Try it: Repeat precisely the span of lines below that opens with the line containing "Акула Брюс и" and closes with the line containing "- Versatility for", both included.

Given data:
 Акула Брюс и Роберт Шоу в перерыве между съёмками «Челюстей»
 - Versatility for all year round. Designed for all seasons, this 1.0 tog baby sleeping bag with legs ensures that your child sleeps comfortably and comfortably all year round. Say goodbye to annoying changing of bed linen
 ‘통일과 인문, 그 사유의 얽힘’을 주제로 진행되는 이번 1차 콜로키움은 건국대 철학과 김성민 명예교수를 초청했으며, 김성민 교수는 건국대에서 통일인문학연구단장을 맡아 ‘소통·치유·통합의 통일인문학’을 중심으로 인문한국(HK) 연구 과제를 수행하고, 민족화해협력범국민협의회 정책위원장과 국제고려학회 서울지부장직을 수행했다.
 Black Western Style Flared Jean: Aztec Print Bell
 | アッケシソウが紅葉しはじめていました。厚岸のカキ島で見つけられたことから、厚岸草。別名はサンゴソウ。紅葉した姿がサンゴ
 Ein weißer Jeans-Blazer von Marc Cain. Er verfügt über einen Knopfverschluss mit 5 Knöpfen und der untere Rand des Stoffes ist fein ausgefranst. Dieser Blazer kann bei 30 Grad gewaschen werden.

---

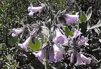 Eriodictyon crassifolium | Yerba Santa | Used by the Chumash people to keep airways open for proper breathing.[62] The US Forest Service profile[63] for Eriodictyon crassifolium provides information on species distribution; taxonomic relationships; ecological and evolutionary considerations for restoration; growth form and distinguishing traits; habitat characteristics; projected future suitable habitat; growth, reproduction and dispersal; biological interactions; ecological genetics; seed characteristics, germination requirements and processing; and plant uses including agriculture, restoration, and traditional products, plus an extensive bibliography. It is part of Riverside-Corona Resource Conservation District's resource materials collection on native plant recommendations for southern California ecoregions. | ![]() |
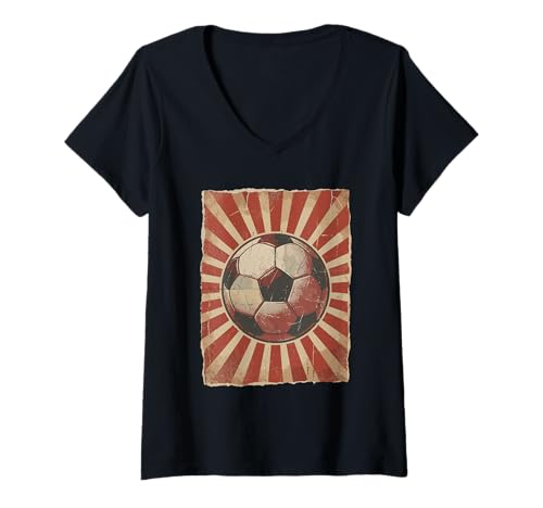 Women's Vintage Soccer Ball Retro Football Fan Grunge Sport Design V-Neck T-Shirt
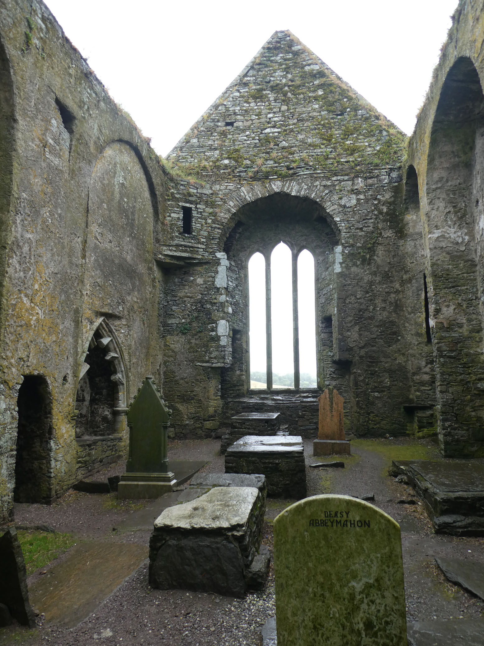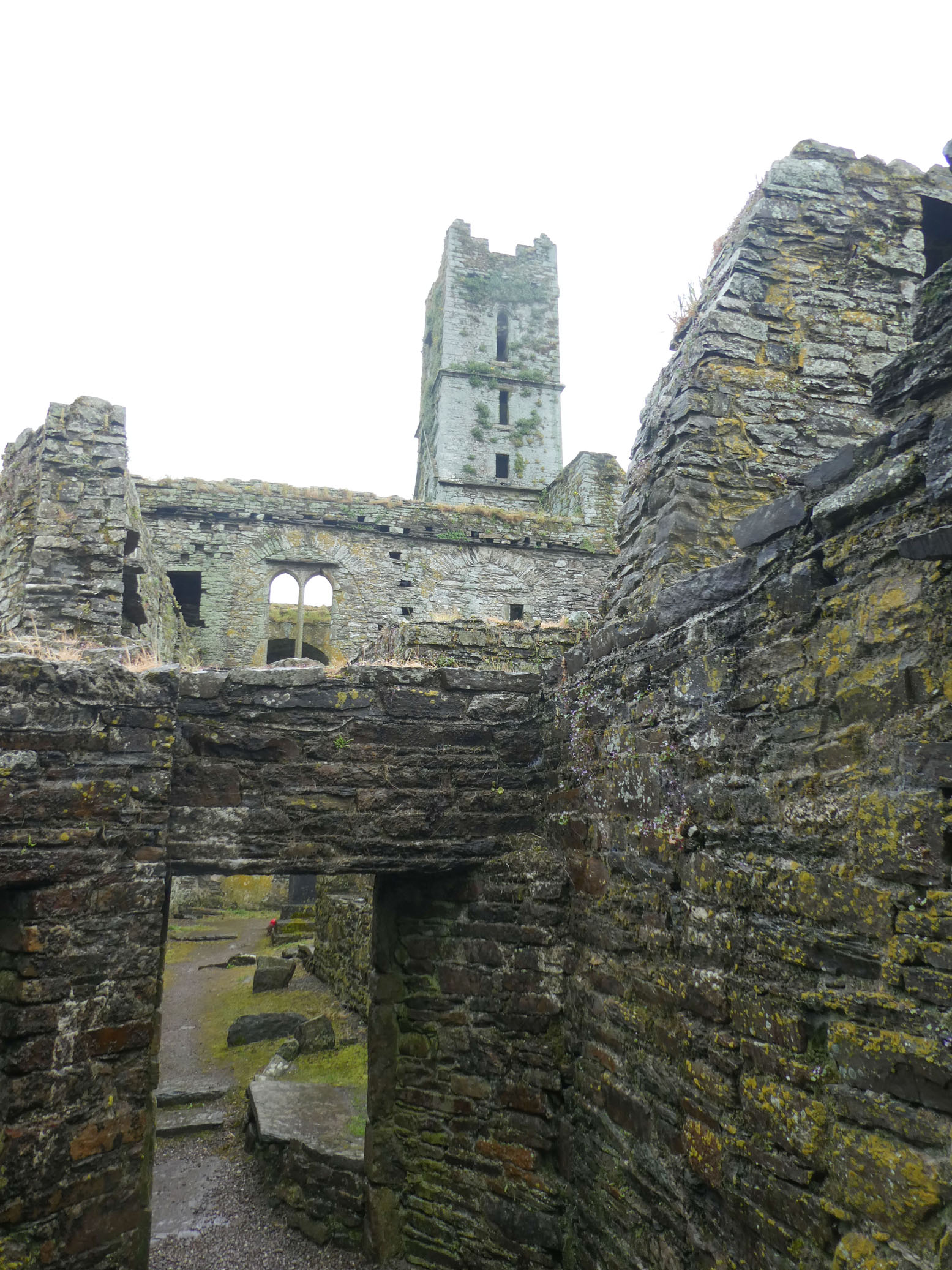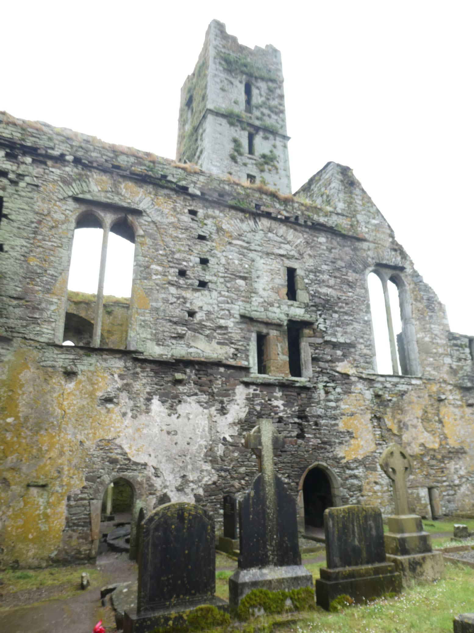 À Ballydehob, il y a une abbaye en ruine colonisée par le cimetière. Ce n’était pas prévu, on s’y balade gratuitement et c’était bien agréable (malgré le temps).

Exercise result:
 Акула Брюс и Роберт Шоу в перерыве между съёмками «Челюстей»
 - Versatility for all year round. Designed for all seasons, this 1.0 tog baby sleeping bag with legs ensures that your child sleeps comfortably and comfortably all year round. Say goodbye to annoying changing of bed linen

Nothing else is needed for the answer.